*** Opening Information provided ***
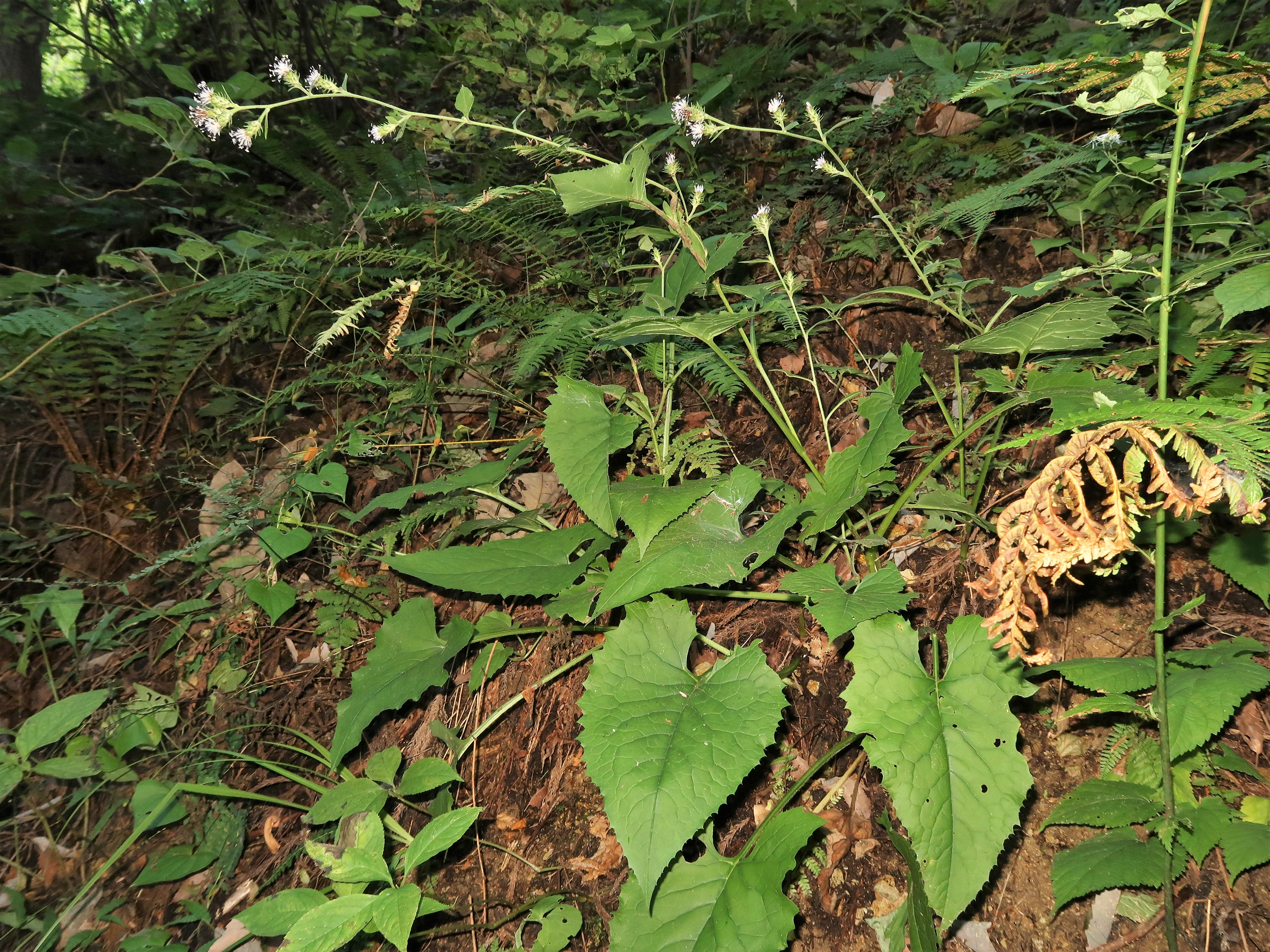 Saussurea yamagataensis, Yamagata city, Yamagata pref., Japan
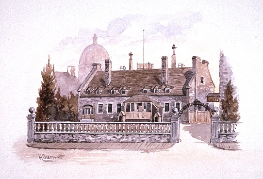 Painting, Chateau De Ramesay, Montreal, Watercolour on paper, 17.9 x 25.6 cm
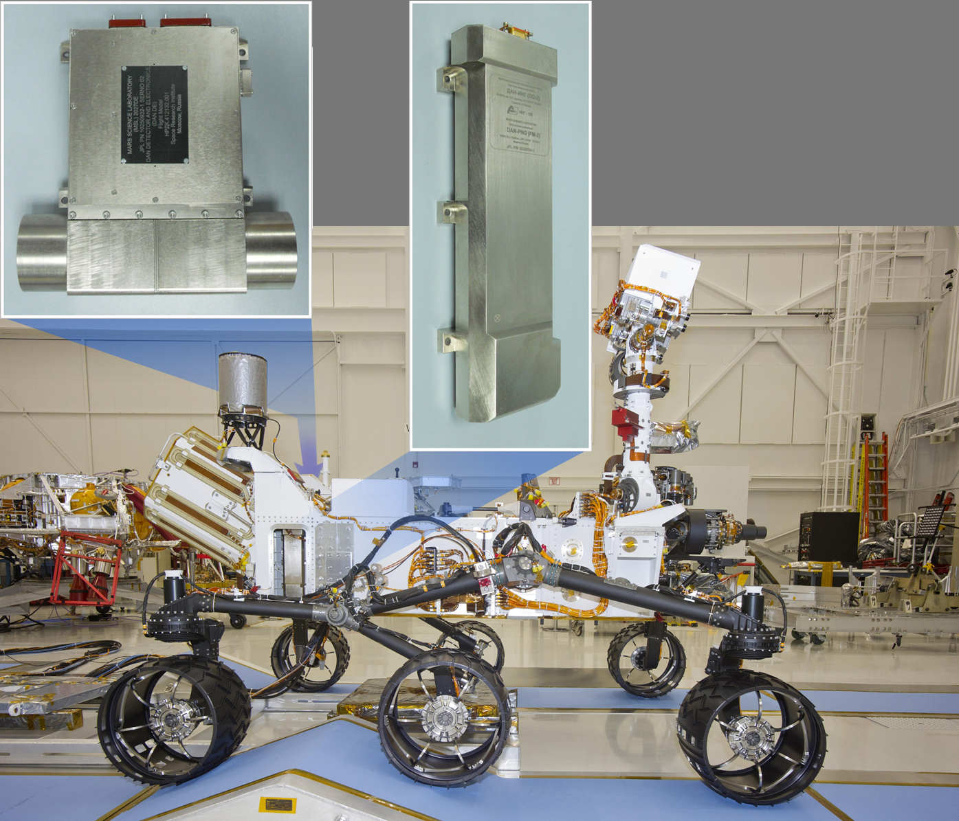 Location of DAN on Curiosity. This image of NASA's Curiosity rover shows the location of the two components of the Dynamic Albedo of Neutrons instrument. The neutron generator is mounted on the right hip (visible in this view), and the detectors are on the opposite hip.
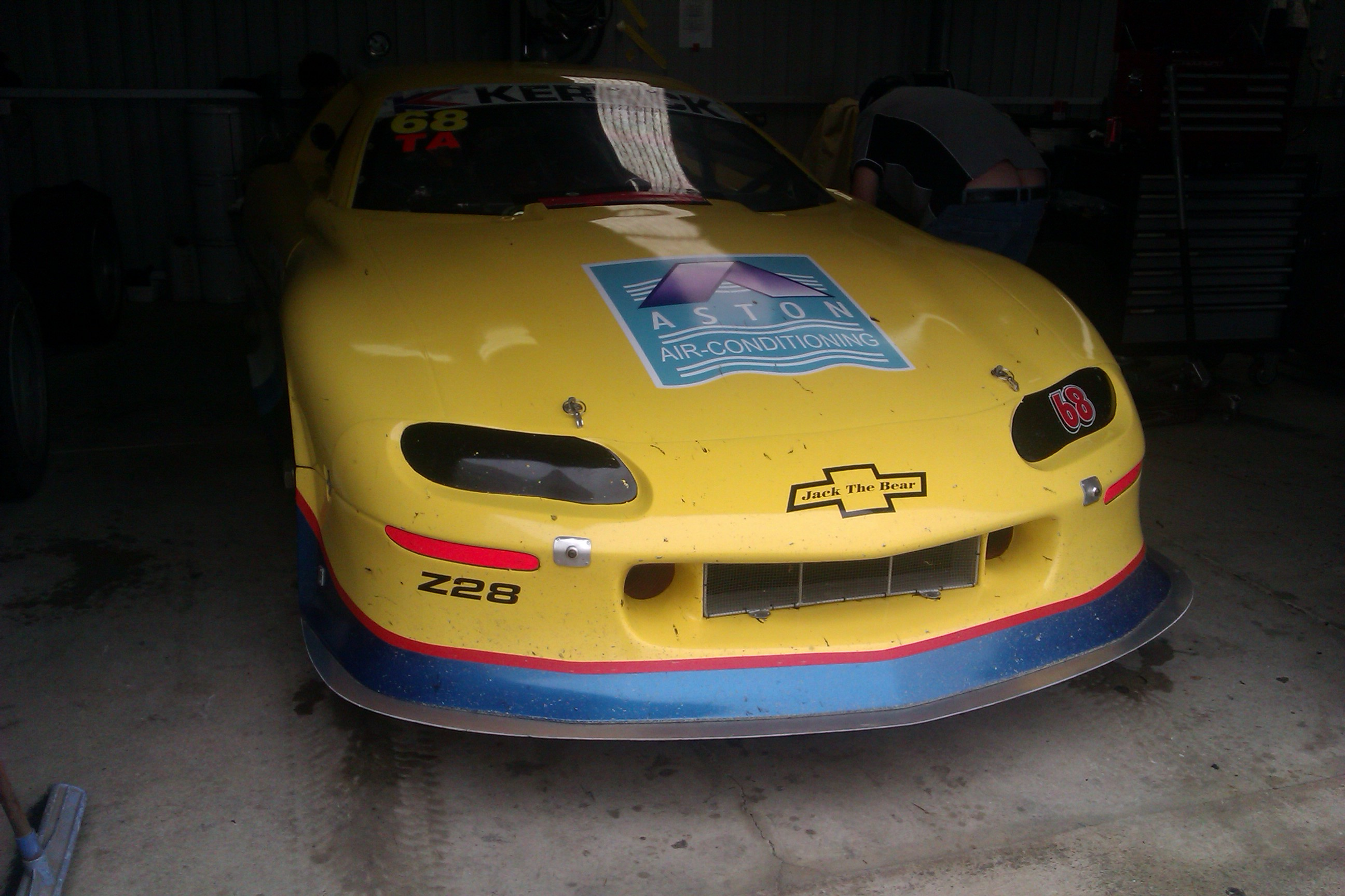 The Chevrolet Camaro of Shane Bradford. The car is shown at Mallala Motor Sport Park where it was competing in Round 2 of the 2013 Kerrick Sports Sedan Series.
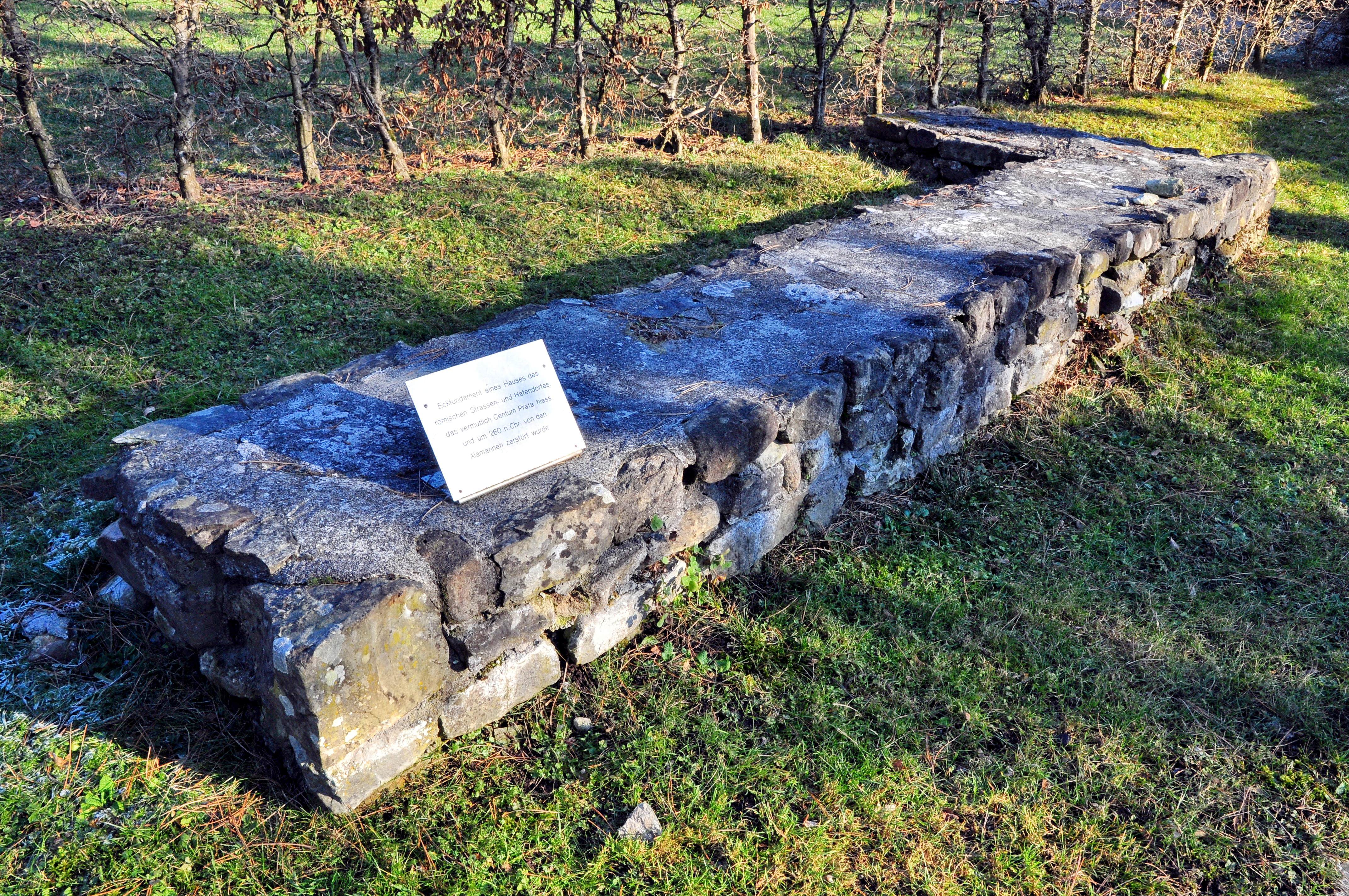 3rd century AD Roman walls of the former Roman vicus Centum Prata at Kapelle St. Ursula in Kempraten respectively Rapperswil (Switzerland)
*** Closing Information provided ***
Problem description.
All entries above, minus the pictures, should be repeated exactly.

Response area.
 Saussurea yamagataensis, Yamagata city, Yamagata pref., Japan
 Painting, Chateau De Ramesay, Montreal, Watercolour on paper, 17.9 x 25.6 cm
 Location of DAN on Curiosity. This image of NASA's Curiosity rover shows the location of the two components of the Dynamic Albedo of Neutrons instrument. The neutron generator is mounted on the right hip (visible in this view), and the detectors are on the opposite hip.
 The Chevrolet Camaro of Shane Bradford. The car is shown at Mallala Motor Sport Park where it was competing in Round 2 of the 2013 Kerrick Sports Sedan Series.
 3rd century AD Roman walls of the former Roman vicus Centum Prata at Kapelle St. Ursula in Kempraten respectively Rapperswil (Switzerland)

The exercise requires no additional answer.